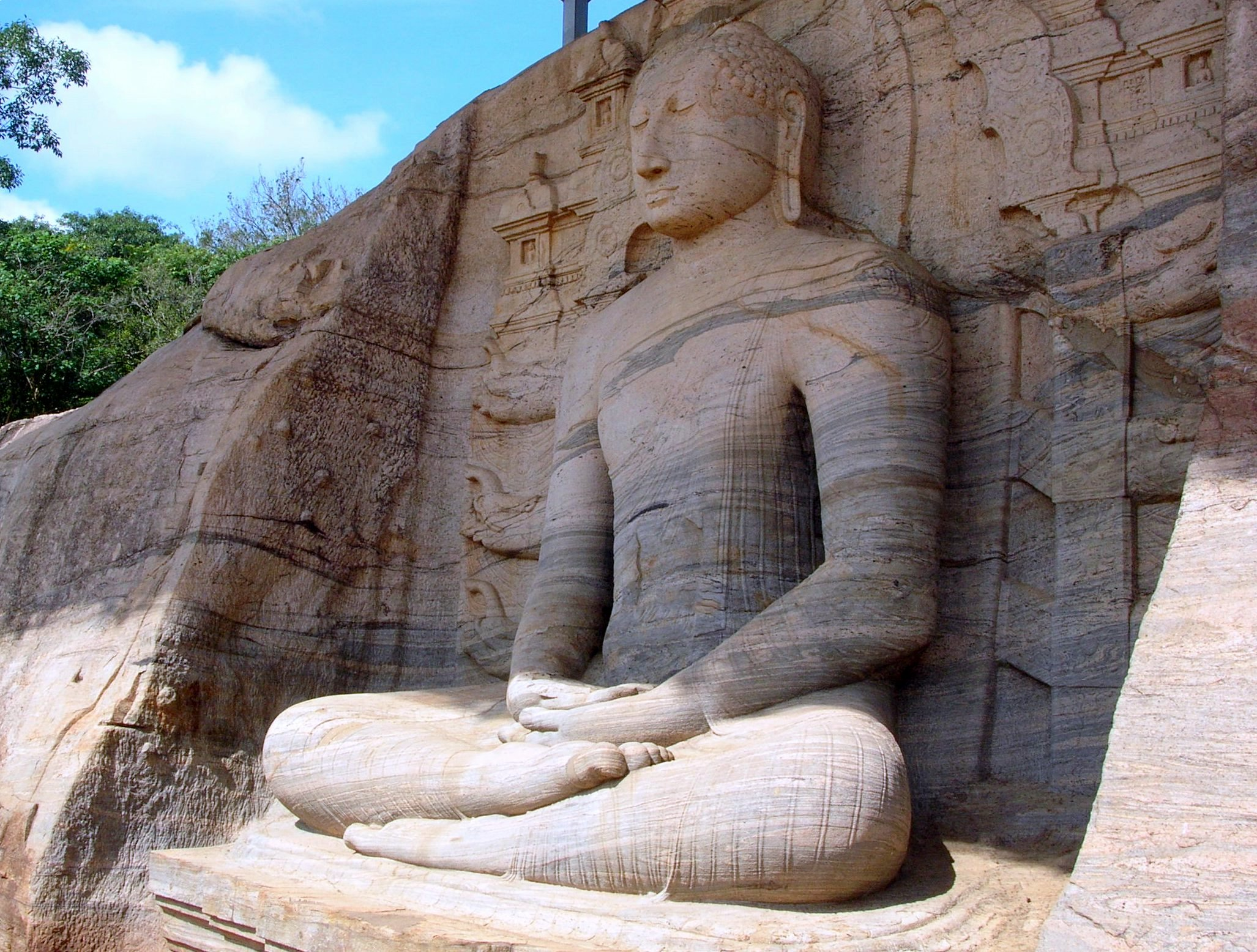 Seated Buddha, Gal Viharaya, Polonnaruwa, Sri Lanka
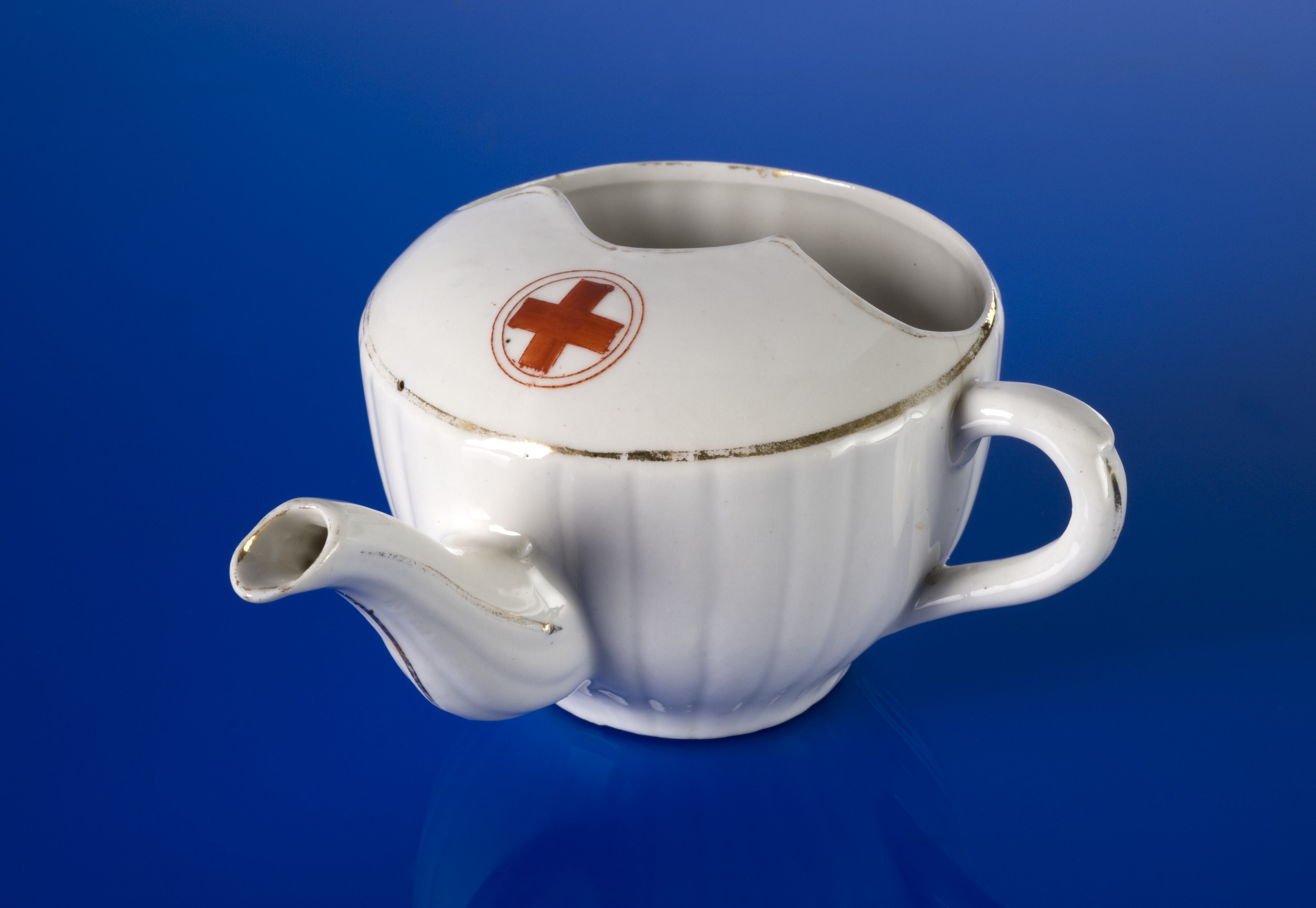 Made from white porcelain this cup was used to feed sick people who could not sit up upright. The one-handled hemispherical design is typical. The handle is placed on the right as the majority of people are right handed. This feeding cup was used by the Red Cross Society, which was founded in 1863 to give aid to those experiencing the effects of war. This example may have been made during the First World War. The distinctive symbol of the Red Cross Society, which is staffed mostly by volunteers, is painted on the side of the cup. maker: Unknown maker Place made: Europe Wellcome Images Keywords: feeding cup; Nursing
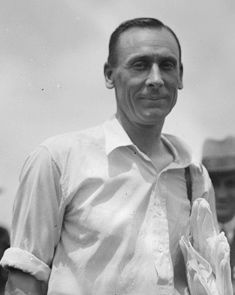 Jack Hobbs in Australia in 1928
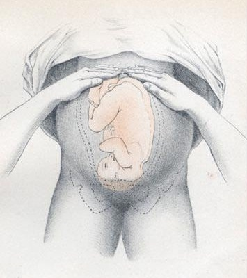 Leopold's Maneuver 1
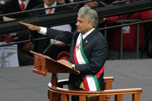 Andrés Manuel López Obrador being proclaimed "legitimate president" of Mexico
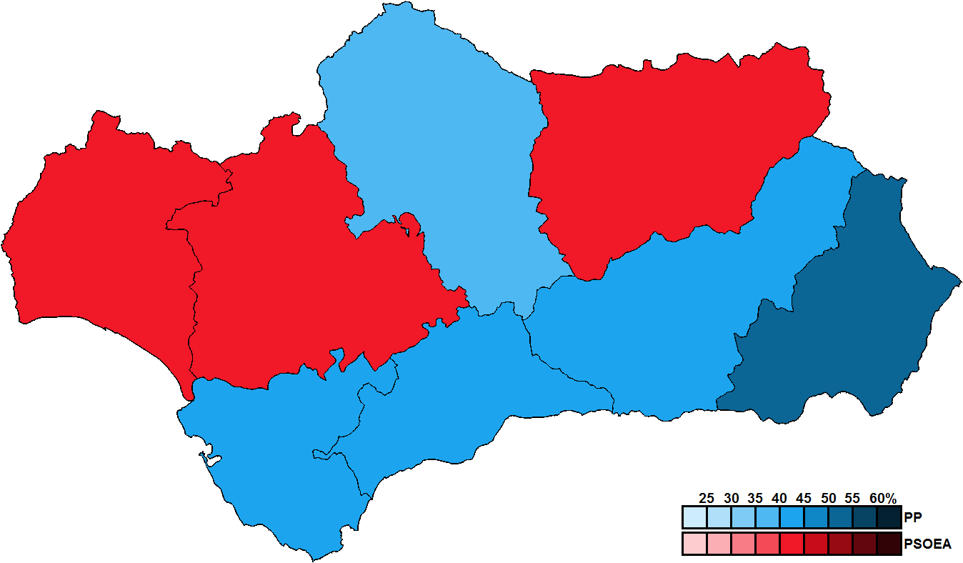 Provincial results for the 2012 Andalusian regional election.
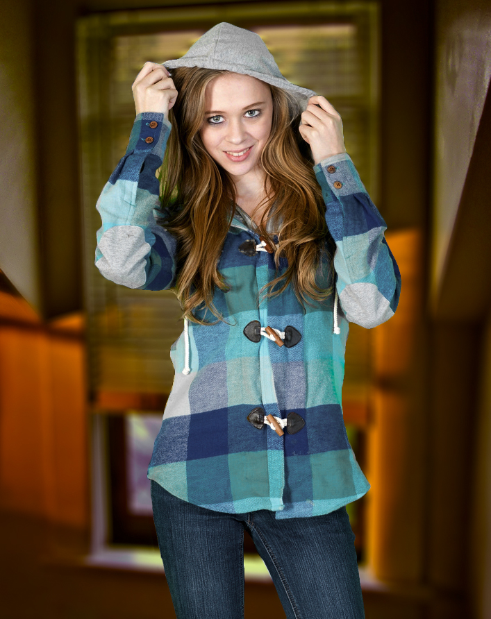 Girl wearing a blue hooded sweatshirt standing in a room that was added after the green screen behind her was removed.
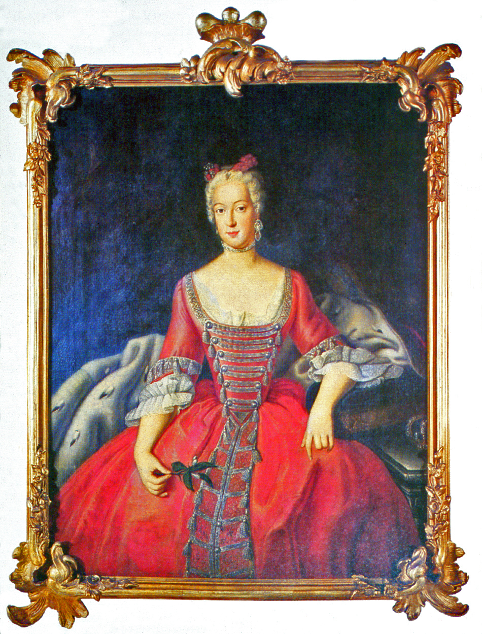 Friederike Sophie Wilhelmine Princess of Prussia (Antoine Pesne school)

-- Instructions to follow --
Would you set down, word for word, the lines running from the one that contains "Jack Hobbs in Australia in 1928" to the last line of the material, omitting all pictures?

-- Solution to the problem --
 Jack Hobbs in Australia in 1928
 Leopold's Maneuver 1
 Andrés Manuel López Obrador being proclaimed "legitimate president" of Mexico
 Provincial results for the 2012 Andalusian regional election.
 Girl wearing a blue hooded sweatshirt standing in a room that was added after the green screen behind her was removed.
 Friederike Sophie Wilhelmine Princess of Prussia (Antoine Pesne school)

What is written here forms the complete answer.